Mind the gap. It's is an important concept to bear in mind whilst traveling on the Tube in London, the T in Boston, the Metro in Washington, D.C., etc. But how many of us remember to mind the gap when we create an interval plot in Minitab Statistical Software? Not too many of us, I'd wager. And it's a shame, too.
When you travel on the subway, minding the gap means giving thoughtful consideration to the space between the platform the and the train. On the subway, minding the gap can make the difference between these two very different views of the subway station:
When you make an interval plot in Minitab, minding the gap means giving thoughtful consideration to the space between groups on the x-axis. For interval plots, minding the gap can make the difference between these two very different views of your data:
Allow me to demonstrate with an example. If you like, you can download the data file, PercentMoisture.MTW from our data set library and follow along. (You can get the free 30-day trial of Minitab here if you don't already have the software.) Technicians at a food company collected these data to try to figure out the best combination of time and temperature to bake cereal grains to minimize their moisture content.
Interval plots are useful because they summarize your data and allow you to simultaneously compare the means (represented by the points or symbols) and the variability (represented by the interval bars) for each sample or group. (To see more interval plots in action, check out these other blog posts: Seven Alternatives to Pie Charts and When Even Cupid Isn't Accurate Enough.)
Creating a basic interval plot in Minitab is simple. Just select Graph > Interval Plot. Then choose the One Y, With Groups option, enter the data as follows, and click OK. (For the sake of space in this article, I renamed the columns "Time" and "Temp".)
The nice thing about interval plots is that multiple levels of multiple factors can be represented by different positions on the x-axis. But the unfortunate thing about interval plots is that multiple levels of multiple factors are represented by different positions on the x-axis.
All the information is there, but it's hard to see how one group relates to the next. For example, to compare the results for the 130-degree oven temperature across the different oven times, you need to compare the 2nd interval bar to the 5th interval bar and the 8th interval bar. You end up going from one similar-looking bar to another and another, and that seldom ends well.
To make the different oven temperatures stand out more, you can add a little color. Just double-click one of the symbols to open the Edit Mean Symbols dialog box. Click the Groups tab, enter the temperature variable, and click OK.
To help make the grouping even clearer, you can connect the dots. Right-click the graph and choose Add > Data Display, then select Mean connect line and click OK.
Now it's much easier to identify and compare the results for the different oven temperatures. But here is where we really start to mind that gap. By which I mean that we start to give thoughtful consideration to the space between the oven-time groups on the x-axis. And by which I also mean that we mind these gaps because they are annoying and we want them to go away. But we need not worry, because that's one gap we can shrink easily.

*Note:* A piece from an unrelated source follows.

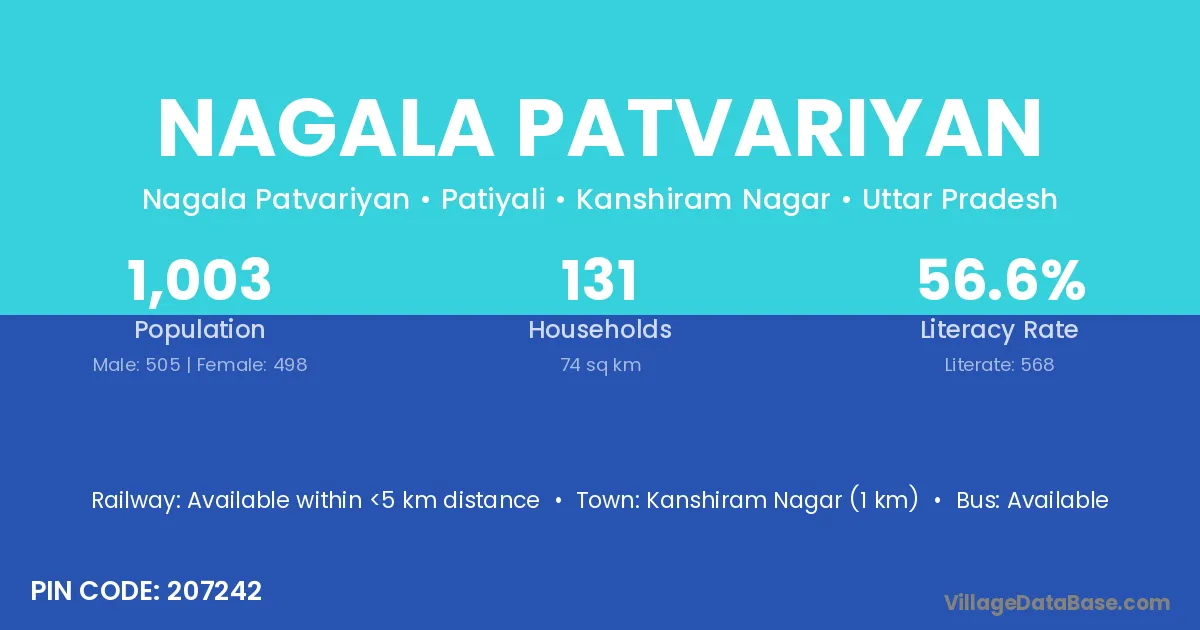Nagala Patvariyan village has a total population of 1,003 people, of which 505 are males and 498 are females.

Double-click the x-axis to open the Edit Scale dialog box. Notice the Gap within clusters setting. A setting of –1 means that the intervals for all levels of oven temperature at each level of oven time will be at the same location on the x-axis. Change the setting to –1 and the gap is closed.
And while we're at it, let's make the tick labels for temperature go away as well because they are redundant with the legend, and because the legend conveys the same information. And because if we don't, those labels would appear on top of each other, which looks pretty weird.

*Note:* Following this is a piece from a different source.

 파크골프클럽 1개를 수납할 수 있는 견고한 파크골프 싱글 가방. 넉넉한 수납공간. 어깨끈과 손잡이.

Awesome! The plot looks much better without the big gaps. Although, perhaps a little gap would make it easier to see the individual intervals more clearly. If we change that gap to –0.85, then everything is groovy.

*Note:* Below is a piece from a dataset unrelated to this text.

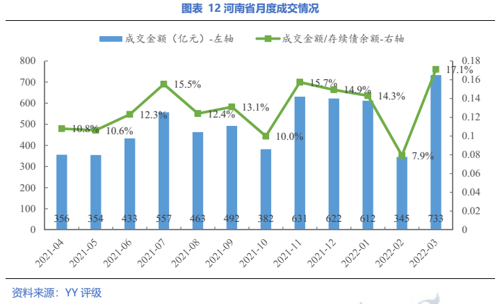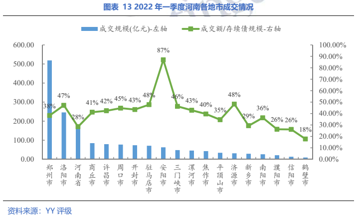 分地級市來看,成交規(guī)模方面,排序與存續(xù)債體量有一定相關(guān)性;從成交金額/存續(xù)債余額來看,安陽、駐馬店、濟源和洛陽的成交更為活躍,另外,鶴壁的成交活躍度最低。

Now that's a gap I don't mind at all! Now it's really easy to compare the results for different oven temperatures within and across the different oven times. The interval plot suggests that to minimize moisture content, we want to use the 90-minute oven time, but we don't want to use the 125-degree oven temperature.
As you can see, the interval plot is an easy and fast way to get a good idea of which differences could be important. But remember, the interval plot can’t tell us which effects or which differences are statistically significant or not. For that, we need to conduct an analysis of variance (ANOVA).
Spoiler alert: I already ran an ANOVA on these data and it confirms what we gleaned from the interval plot. The main effects for both time and temperature are significant. (The interaction effect is not quite significant at the 0.05-level.) Tukey comparisons show that 90 minutes in the oven reduces moisture significantly better than either 30 minutes or 60 minutes in the oven. Tukey comparisons also show that a 125-degree oven is significantly worse at reducing moisture than either a 130-degree oven or a 135-degree oven. The effects of the 135-degree oven are not significantly different from the 130-degree oven, so we can probably save some energy and just use 130 degrees to desiccate our wild oats.